Изменить стиль страницы

— Что с тобой? — спросил Филотсон.

Крышка бюро была поднята, и когда она клала на него муфту, взгляд ее упал на лежавший там документ.

— Ничего… просто… забавный сюрприз, — ответила она, возвращаясь к столу и пытаясь смехом сгладить неловкость.

— Ах, вот что! — ответил Филотсон. — Разрешение на брак… Оно только что пришло.

Тут к ним присоединился Джиллингем. Он спустился из своей комнаты на втором этаже, и Сью, сделав над собой усилие, приветливо заговорила с ним о том, о сем, — словом, обо всем, что, по ее мнению, могло его заинтересовать, только не о себе, хотя больше всего Джиллингема занимала именно сама Сью. Затем она послушно поужинала и отправилась в дом по соседству, где для нее была приготовлена комната. Филотсон проводил ее через лужайку и у двери миссис Эдлин пожелал ей доброй ночи.

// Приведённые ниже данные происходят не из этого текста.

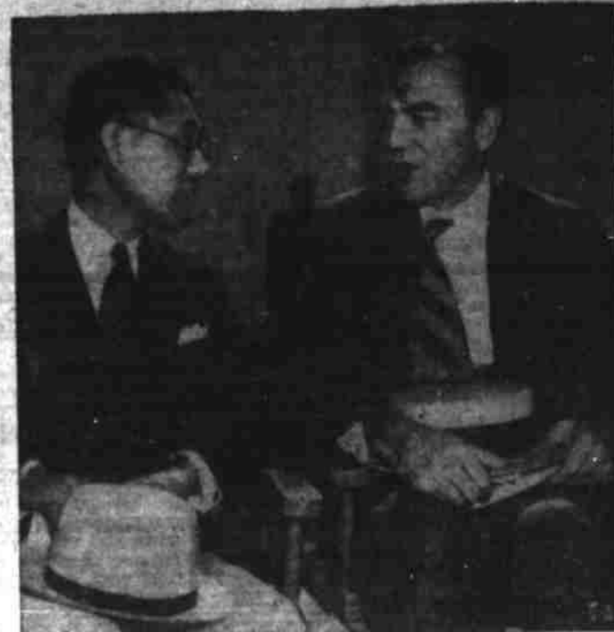
JAPAN'S DAY AT FAIR —The Hon. Kenseki Hori-nouchi (left), Japanese ambassador to U. S., was an honored guest at Japan Day at the New York world's fair, held on the weekend when Japan was apparently formulating a "Monroe Doctrine" for Asia. With the ambassador is Rep. Hamilton Fish, New York Republican, who discussed Far East situation with Japanese diplomat.
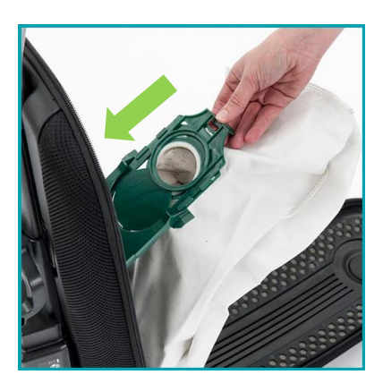
Return the machine to an upright position and slot on the open dust bag. Then Zip up the bag compartment.
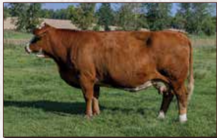
JNR OLE' LOLITTA 710D - DAM OF LOT 67

CE 1.9 BW 7.2 WW 85.4 YW 118.1 M 31.0 MCE 0.6 MWW 73.7
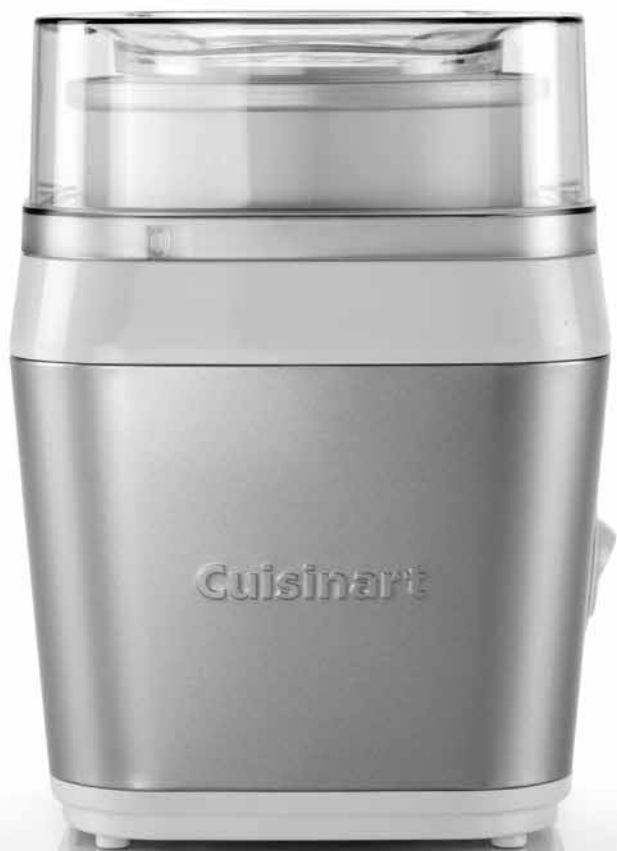
Iced Dessert Maker ICE31U
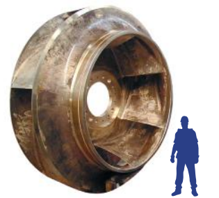
▲ Pump impeller Ø 4000
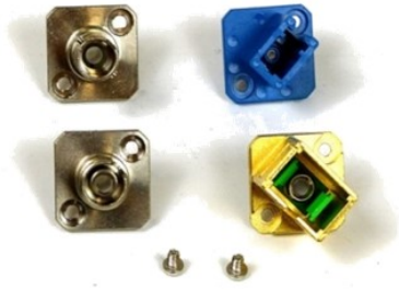
Optical adapters (BN 2155) for signal input
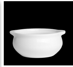
French Onion Crock 5100.F0000.40
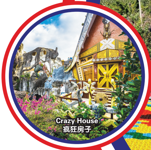
Crazy House 疯狂房子
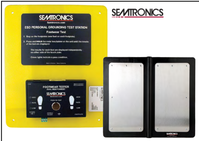
Figure 1. Semtronics Dual Independent Footwear Tester and Dual Foot Plate
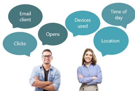
Figure 1: Leveraging email marketing metrics

The first thing to think about is this idea of leveraging email marketing metrics. You use your data, your analytics, to develop your persona. What client are people using? Are they on a mobile device? Are they on a desktop? Looking at your clicks, did people click certain bits of content, certain elements? Did they ignore other pieces of content? Look at your open rates, you know, time of day. When did people open your content? Is everyone looking at it in the evening, or in the morning? Is it kind of across the board? What devices are they using, such as from iOS to Android to desktop PC to Mac? And then location, where are they located? Because, once again, it can give you a clearer picture of your audience and which will then help you just tweak and mold and create a voice that fits well with your readers. And you call it persona development. You might call it voice. You might call it tone, but use your analytics, use your data to help you create that persona.
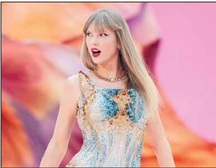
Taylor Swift performs at Wembley Stadium as part of her Eras Tour June 21, 2024, in London.

She did say, however, that she has completely rerecorded her self-titled debut album "and I really love how it sounds now."
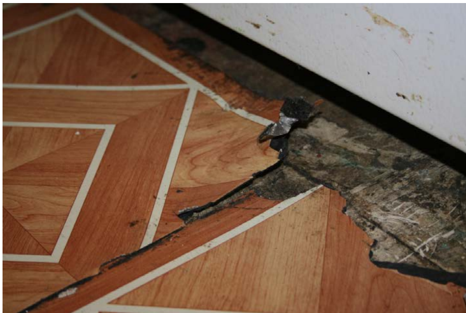
Inspection 6: Cracked vinyl floor tiles in the kitchen posed a potential tripping hazard. HPD did not identify this violation during its August 2018 inspection.
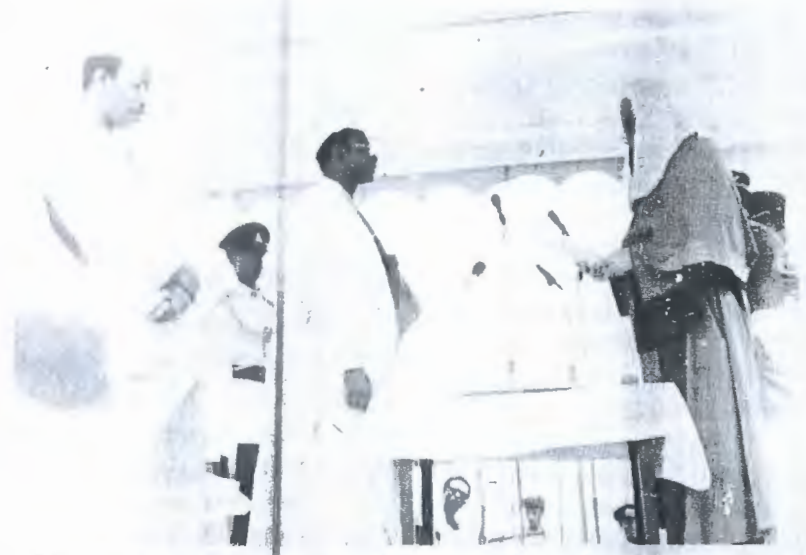
The beginning of a new era: Governor Shehu Mohammed Kangiwa being sworn-in as the first Executive Governor of Sokoto State.

Старушка отвела Сью в ее временное жилище и помогла распаковать вещи. Среди них оказалась ночная рубашка с красивой вышивкой.

— А я и не знала, что ее тоже уложили! — поспешно проговорила Сью. — Никак не думала, что она здесь. Но ничего, у меня есть и другая. — И она достала новую, совсем простую рубашку из небеленого грубого миткаля.

— Но ведь та куда наряднее, — возразила миссис Эдлин, — а эта смахивает на библейскую власяницу.

— Так нужно. Дайте сюда ту, с вышивкой.

Она схватила рубашку и принялась яростно рвать ее, наполняя весь дом скрипучими звуками, похожими на крики совы.

— Опомнитесь, голубушка! Что вы делаете? — вскричала миссис Эдлин.

— Она осквернена! Она изобличает все то, чего я не должна чувствовать… Я купила ее давно, чтобы нравиться Джуду. Ее надо уничтожить!

Миссис Эдлин воздела руки к небу, а Сью с неистовством продолжала рвать рубашку на куски и бросать их в камин.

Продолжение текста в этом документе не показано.